There is one aspect of his documentary that is the most devastating to his conclusion and his credibility in doing fair research: he depends on 150 year-old research! He claims in the documentary that the leading scholars in the 19th century did not have the paleographical expertise and other similar areas of background to make claims about the authenticity of Codex Sinaiticus. This is not true. But for the sake of the argument let us say it is true. The obvious question in any thinking person’s mind should be: what do scholars today say about the authenticity and nature of Sinaiticus? We have obviously made technological leaps in the past 150 years in dating manuscripts, analyzing handwriting, and other means of dating a document to determine its spurious or authentic nature.
Pinto conveniently and selectively ignores what contemporary scholarship says. Or, if he is ignorant of contemporary research in this question, then why is he producing a documentary in the first place!
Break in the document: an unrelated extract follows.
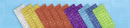 je 1x selbstklebendes Moosgummimosaik Platte in glitter hellgrün, glitter hellblau, glitter violett, glitter rot und glitter gold insgesamt ca.400 glitter Mosaik Sticker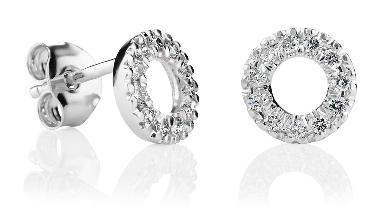 Korvakorut on valmistettu 14 karaatin valkokullasta ja niihin on istutettu yhteispainoltaan 0,22 karaatin timantit.

Investigative documentaries—as Pinto is claiming he is doing—is about using the most update research and science.
So either Pinto is intentionally ignoring the facts that he is aware of—which would make him deceptive; or he is incompetent as an investigative researcher—looking for selective evidence that will determine his intended conclusion.
If it is the former, I’d like to draw Pinto’s attention to the important recent research on Sinaiticus that will inform him on the authenticity of Sinaiticus, not depending on 150 year-old claims.
Elliott, J.K. Codex Sinaiticus and the Simonides Affair: An Examination of the Nineteenth Century Claim that Codex Sinaiticus was not an Ancient Manuscript, Analekta Vlatadon 33. Thessaloniki: Patriarchal Institute for Patristic Studies, 1982.
Parker, D.C, Codex Sinaiticus: The Story of the Word’s Oldest Bible (Hendrickson Publishers, 2010).
Jongkind, Dirk. “One Codex, Three Scribes, and Many Books: Struggles with Space in Codex Sinaiticus,” New Testament Manuscripts: Their Texts and Their World (ed. Thomas J. Kraus and Tobias Nichlas; TENTS 2; Leiden:Brill, 2006) 121–35.
Jongkind, Dirk. Scribal Habits of Codex Sinaiticus, Texts and Studies: Contributions to Biblical and Patristic L (Gorgias Press LLC 2007)
Milne, H. J. M. and Skeat, T.C. Scribes and Correctors of Codex Sinaiticus. London: 1938.